Data-Intensive Computing Initiative (DICI)
Hybrid Algorithms for Networked System Analysis
Technical Contacts: Daniel Chavarría-Miranda; Keqi Tang; Andrés Márquez
Executive Summary
This project addresses the processing of real-time, scientific streaming data on hybrid high-performance computing (HPC) systems (microprocessor/Field Programmable Gate Arrays [FPGAs]) by developing techniques to handle the real-time constraints imposed by a streaming data source by using FPGAs and real-time software techniques. The techniques will be prototyped for an application in mass spectrometry (multiplexed time-of-flight mass spectrometry [MX-TOF-MS]). The project will also explore the feasibility of integrating non-real-time, higher-level processing of streaming data, such as online database lookups, for added value to the experimental workflow.

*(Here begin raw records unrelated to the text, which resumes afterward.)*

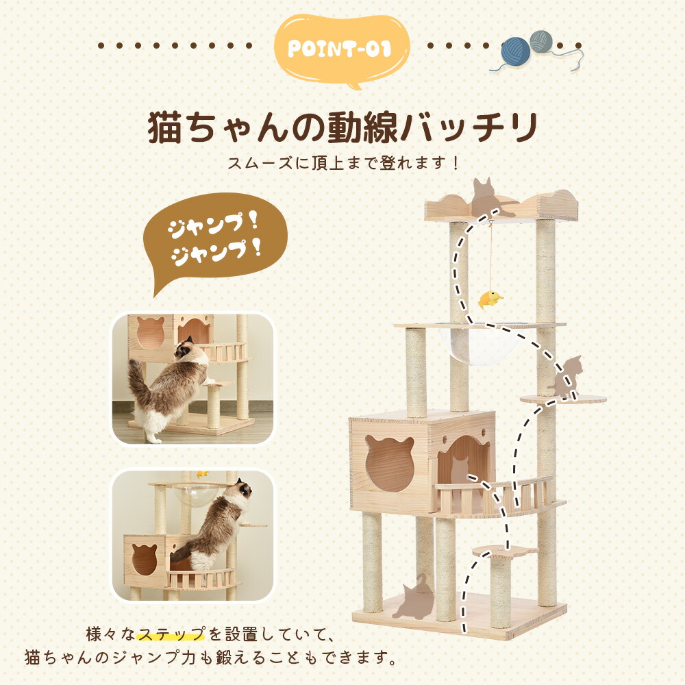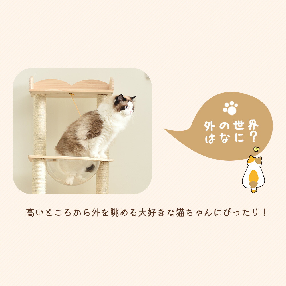 キャットタワー 据え置き 木製 宇宙船付き 多頭飼い 高さ147cm 安定感抜群 猫タワー 展望台 隠れ家 季節問わず 天然木 階段 機能満載 爪とぎ 頑丈 猫ハウス 上りやすい クリアボ 省スペース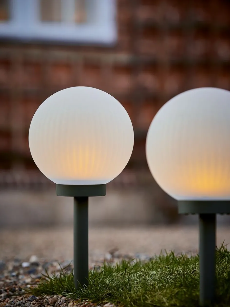 Lampe solaire au design blanc en forme de globe qui projette une lumière ambiante douce. Comme elle est alimentée à l’énergie solaire, elle est facile à placer n’importe où dans le jardin à l’aide d’un piquet de sol. La lampe fournit jusqu’à 6 heures de lumière après la tombée de la nuit et sa hauteur est réglable. Ø18 x H33/46 cm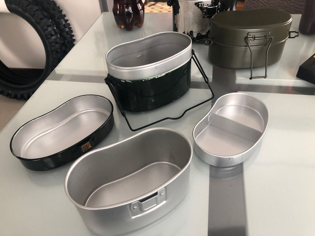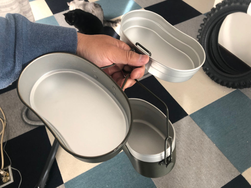 飯盒それ自体は、そもそもは煮炊きの為の鍋釜として開発されたのは疑い様も無いのですが、軍隊の野戦での給与のあり方が変化していって、次第に食器としての需要が高まって行ったのは、飯ごう2型の姿形から、十分に推測する事が出来ます。飯盒は、鍋釜なのか食器なのか、それは運用する側の事情によって異なってくると思います。自分は、飯盒はあくまで飯を炊くのが主目的であって、食器としての活用は、片手鍋でラーメン煮てそのまま食べるのと同様の位置づけでありますので、より食器よりに作られた飯ごう2型は、飯盒としては役不足に感じています。その一方で、ソロクッカーとして見た時、4合炊きの兵式飯盒は確かに容量オーバーであるのも認められるところです。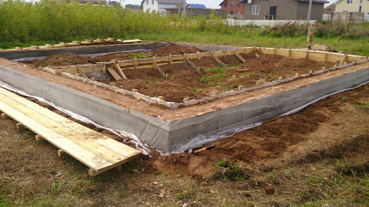 Пришло время снять опалубку с фундамента. Всю неделю поливали фундамент, не давая ему высохнуть слишком быстро, чтобы не появились трещины.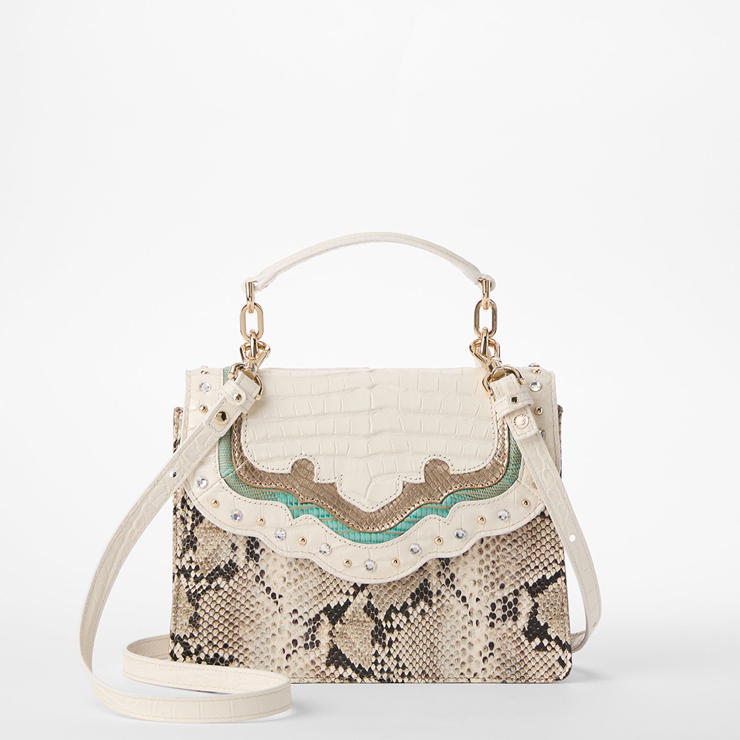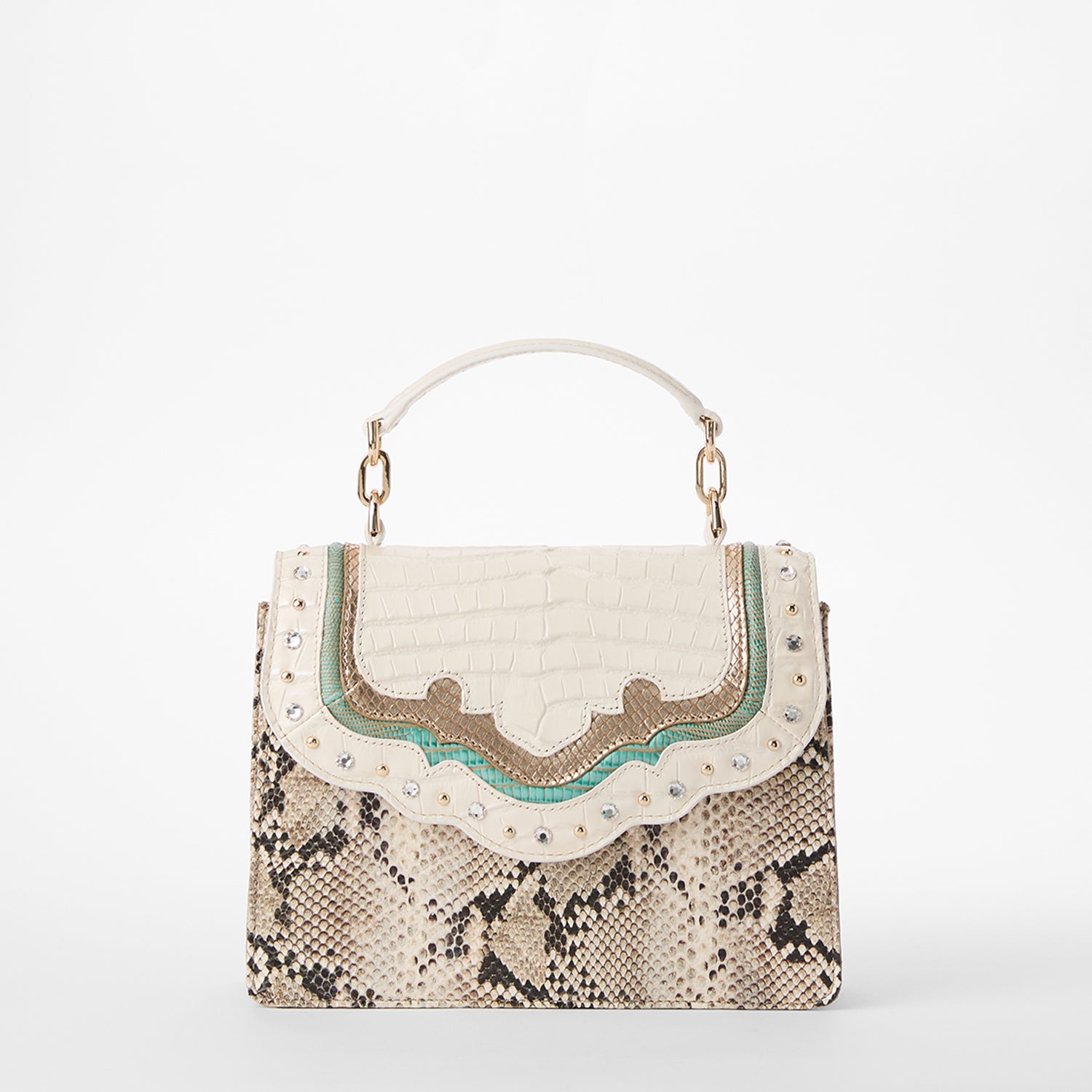 Featured in Cloud Dancer Dubois, a fresh blend of texture and color. An Americana-inspired collection that brings together a white flat croc with neutral beige snake print, gold metallic, and a pop of turquoise lizard. The curved applique and cutouts are an elevated twist on Western. Stud and Swarovski® crystal accents give this luxe appeal. Made with genuine leather.

Accomplishments / Highlights
- The project is targeting a PNNL-developed multiplexing technique developed by Mikhail Belov at the Environmental Molecular Sciences Laboratory (EMSL) that addresses drawbacks of the Hadamard Transform Ion Mobility MS (HT-IM-MS) multiplexing technique.

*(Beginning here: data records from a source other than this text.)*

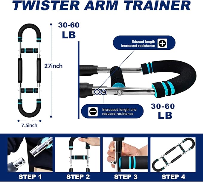 Pro-Grade Twister Arm Trainer- 30-100lb Adjustable Chest Workout Equipment for Men&Women,Beginners or Professional, Adjustable Portable Arm Chest Exerciser with Anti-Slip Grips for Home Gym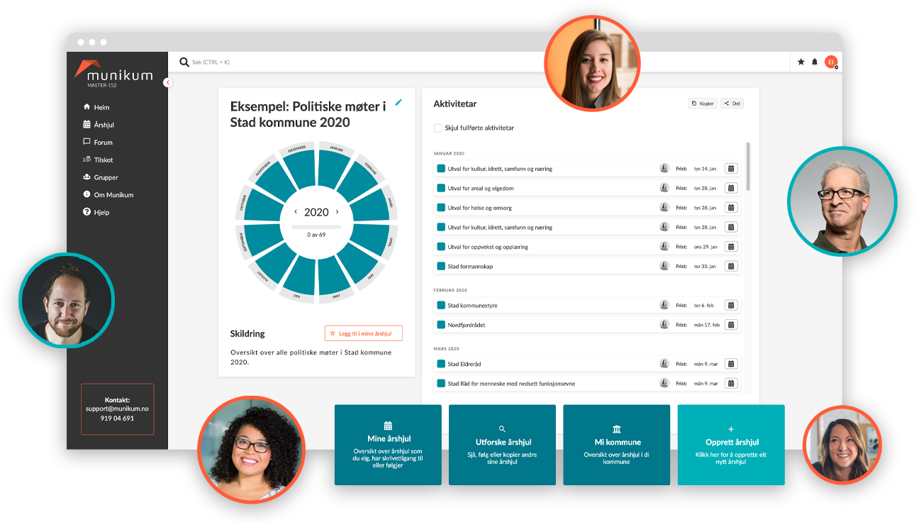 Hald deg oppdatert på framdrift og framtidige prosessar gjennom ei enkel og brukarvenleg oversikt. Del ditt årshjul enkelt med innbyggjarane på kommunen sine heimesider eller i sosiale medier.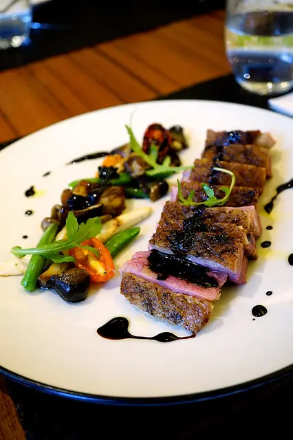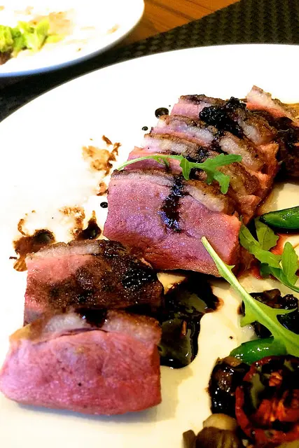 爐烤宜蘭豪野鴨胸搭蒜香草菇佐覆盆子醬汁 (NT.550)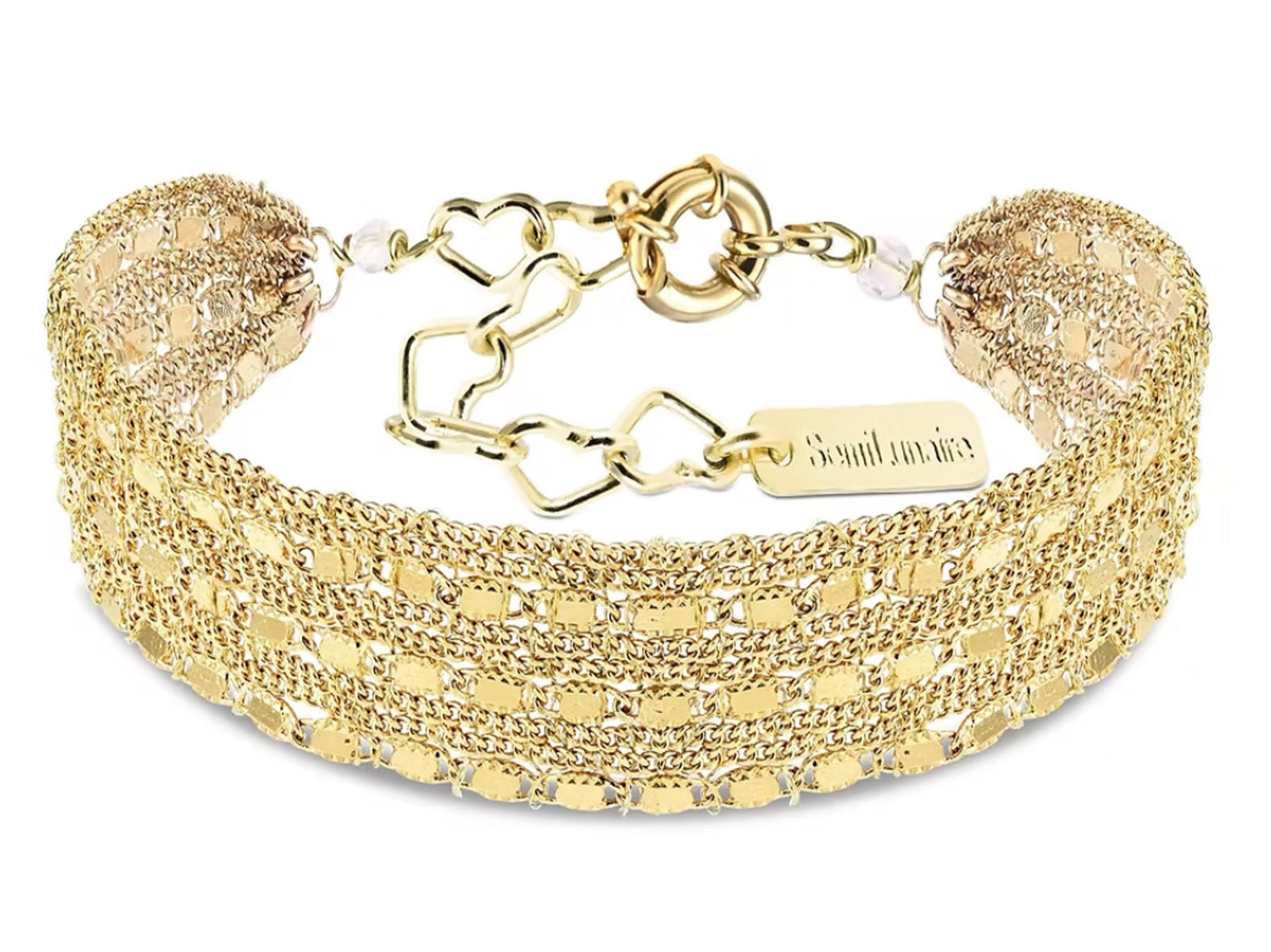 Wide Gold Woven Chain Bracelet with Lighter Stripe

- The project is constructing software and FPGA design prototypes on the Cray XD-1 platform to test ideas regarding data streaming:
- A simple FPGA design that generates 64-bit numerical data was constructed to measure the effective bandwidth achieved between an attached FPGA and the SMP memory subsystem on a Cray XD-1 node.
- This VHDL design achieved an effective bandwidth of 1.3 GBps with a large transfer size, which is expected under streaming conditions.

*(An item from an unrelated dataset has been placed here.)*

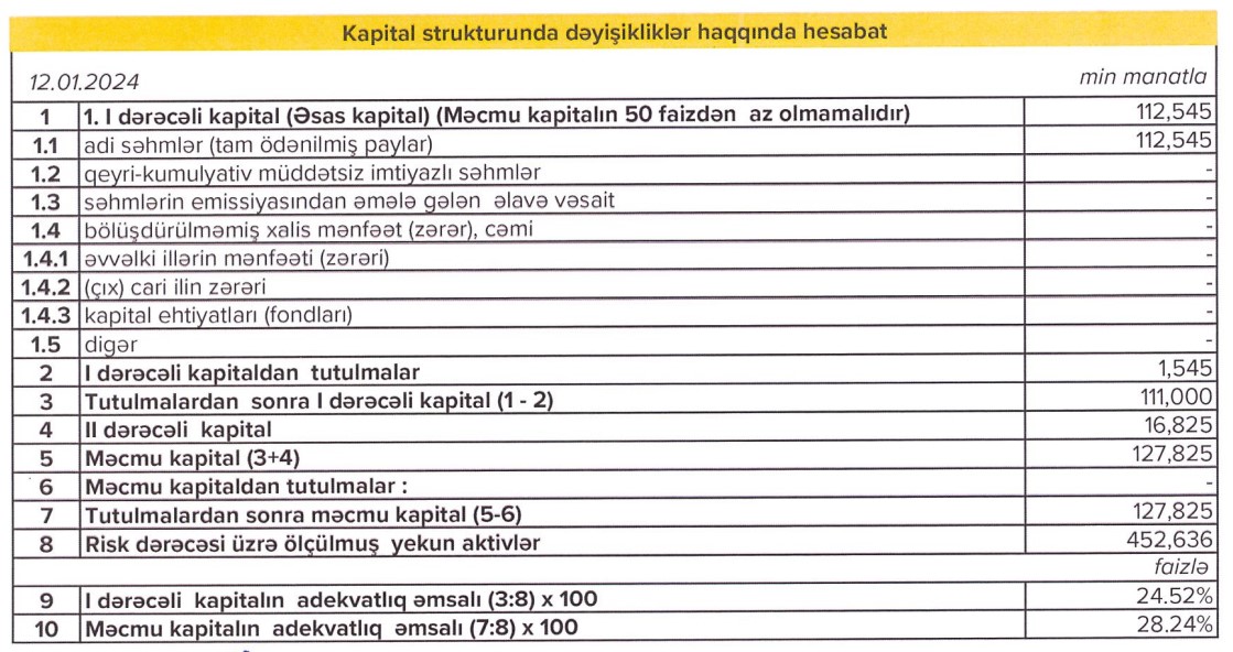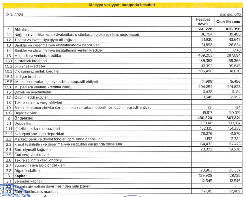 Daha bir bankın böyüklüyü 500 milyon manat səviyyəsini keçib

- The project is developing an FPGA design from a software prototype for MX-TOF-MS (developed by Belov at EMSL). The FPGA design will compute the Inverse Transform required to demultiplex a composite signal into its individual components.
Collaboration
- High-speed data streaming between Cray XD-1 nodes will be used to simulate the data capture on a mass spectrometer and its processing. To accomplish this, the project will leverage research conducted for the SciDAC Center for Technology for Advanced Scientific Component Software (TASCS) Common Component Architecture (CCA): a high-speed event transport interface which uses one-sided communication. With this technology, a data rate of 1GBps between nodes has been achieved.
- We are collaborating with EMSL personnel to ensure that our FPGA designs are compatible with the instrumentation board technology to be used in conjunction with TOF mass spectrometers.
Demonstration
- Our project comprises the first phase of the Scientific Discovery and Insight demonstration.
- Our prototype in the context of a hybrid HPC cluster will enable us to determine computation and data rate requirements for processing streaming TOF MS data.
Impacts
The use of HPC systems for streaming data processing and analysis is a novel application that can provide the potential for much improved experimental feedback. To deal with increasing data rates and the sophisticated analysis requirements by domain scientists, it is necessary to migrate streaming processing from the realm of embedded systems to powerful HPC systems with parallel processing and large bandwidth capabilities. This project will apply the large processing capabilities of HPC systems, as well as their abundant internal bandwidth, to real-time streaming applications.